Ms. Kelton: We always say it's not the ratio of debt to GDP, it's the debt service. You can have a rising ratio, but falling debt service. You don't want rates rising faster than the rate of growth in the economy. So for debt to be sustainable, if you can muster any positive growth — and as long as you have your own currency — the central bank can always maintain lower rates when the economy is growing.
InvestmentNews: With deficits and loose monetary policy, isn't there a big risk of inflation from too much money chasing too few goods?
Ms. Kelton: Resource constraints are real. If your economic policies are too aggressive, you will end up competing with the private sector for these recourses. The result will be inflation. But we almost never have this kind of inflation in the U.S. economy because we rarely operate our economy at full employment. Even operating the economy at full employment as we did in the late 1990s and early 2000s is not necessarily inflationary. As long as productivity growth is high, you don't end up with "too few goods" so you don't get the inflationary pressure.
The overriding driver of inflation, both in the U.S. and around the world, is the price of oil. The evidence of that is overwhelming.
Regarding quantitative easing, the Federal Reserve takes bonds off bank balance sheets and replaces them with a credit to the bank's reserve account at the Fed. We said it's an asset swap, nothing more. We predicted it would not lead to inflation and large bank reserves, and to more bank loans. It is optimism from borrowers and optimism from banks that drives lending.

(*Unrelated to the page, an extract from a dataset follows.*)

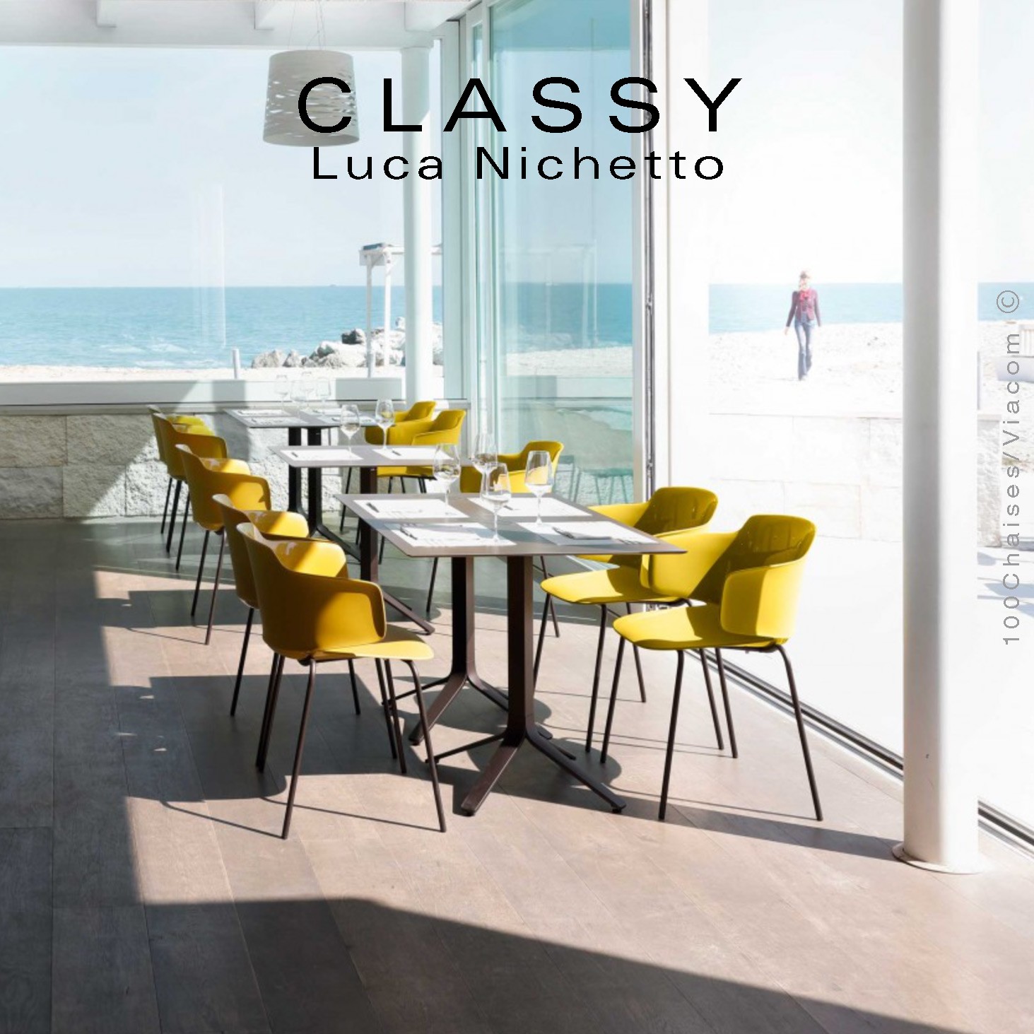 La toute nouvelle gamme Classy est composée d'une chaise, d'un fauteuil et d'un tabouret, Classy est le résultat d'une alchimie exemplaire entre des éléments fonctionnels et une esthétique particulière  que l'on retrouve dans le dessin de la coque, modélisée en douceur pour garantir les plus hauts standards de confort et d'ergonomie. La forme est élégante, rendue encore plus évidente par le jeu des contrastes et l'alternance des surfaces opaques et brillantes. Une famille complète pour une grande variété de solutions qui peuvent se prêter à des combinaisons pour tous les environnements intérieurs et extérieurs.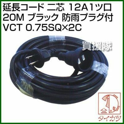 他の画像を見る しなやかに、強く、便利に使う延長補助コード 鯛勝産業 延長コード 二芯 12A1ツ口 5M ブラック 防雨プラグ付 VCT 0.75SQ×2C [カラー:ブラック] 買援隊 特別価格 ¥ 3,135 税込 詳細を見る お気に入りに登録する

And there's no reason the Fed has to unwind its balance sheet. The Fed can slow lending by paying interest on reserves. If the bank doesn't think it can do better by making a loan, it will just sit on the reserves and earn the rate the Fed pays. Central banks are concerned with the optics of giving money to banks, but they've said themselves there are no economic problems in paying higher rates on reserves.
InvestmentNews: Do you think advisers make investment mistakes because they don't understand how money works?

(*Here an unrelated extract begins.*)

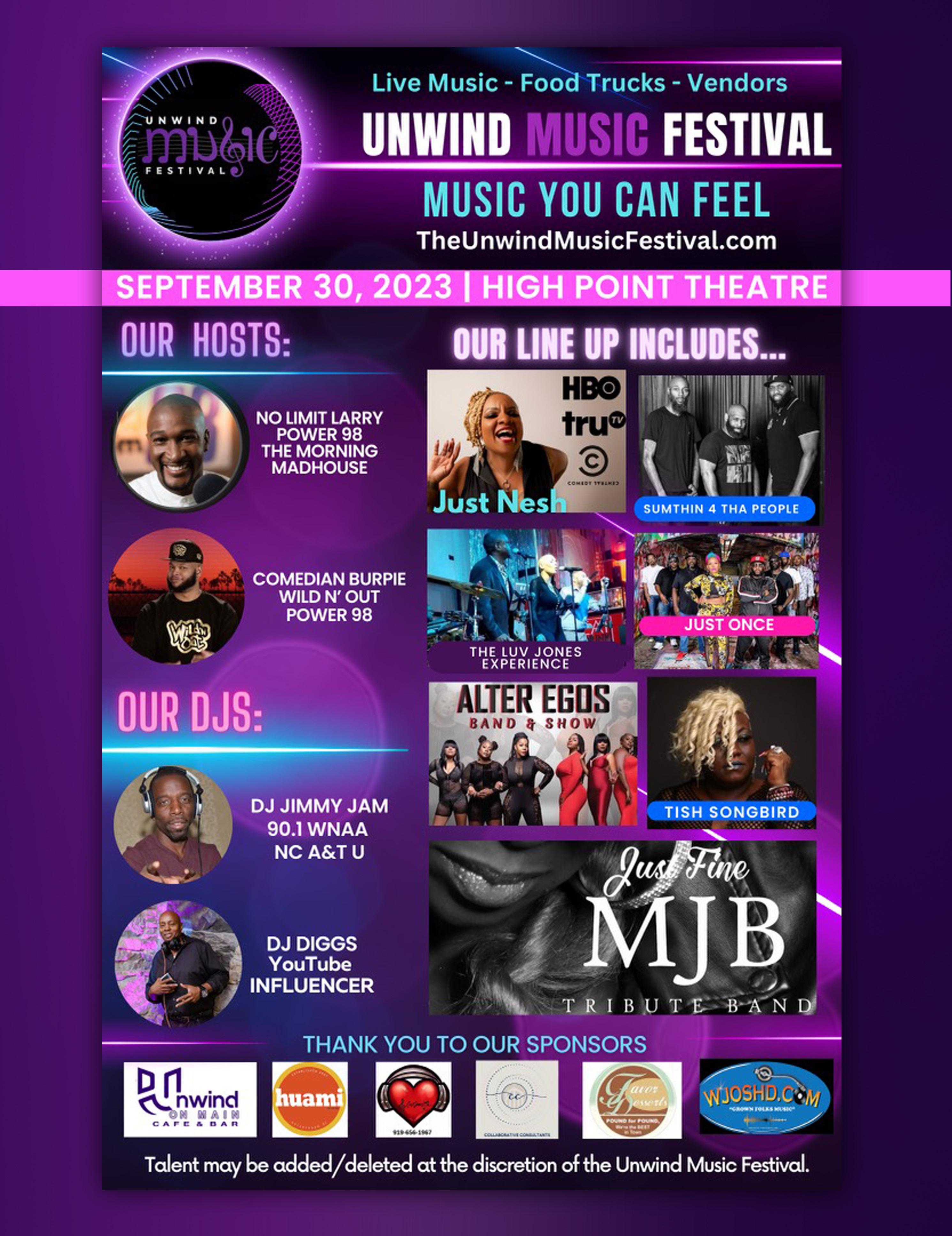 Slated to happen on September 30, 2023, at the High Point Theater in High Point, NC. The one-day event will showcase musical talent from around North Carolina. There will be food trucks and vendors on sight, and much more. The team that is producing The Unwind Music Festival includes Anthony, along with his mother Norine Anderson, LaKeith Stevenson, Kika James, and Derrick Jones. The lineup of talent includes Just Once, The Luv Jones Experience, Sumthin 4 Tha People, Alter Egos, and a Mary J. Blige tribute produced by Just Fine.

Ms. Kelton: Absolutely. For example, you won't make mistakes when you understand the differences between the risks associated with lending to an issuer of a currency versus to the user of a currency. Lending to the U.K. instead of eurozone countries, for example. Japan, Canada and Australia are also in a completely different boat, because they issue their own currencies.
So you've seen [hedge fund manager] Kyle Bass betting against Japan and Bill Gross betting against U.S. Treasuries and missing badly. They didn't understand the difference between being an issuer of a currency and being a user who has to borrow it.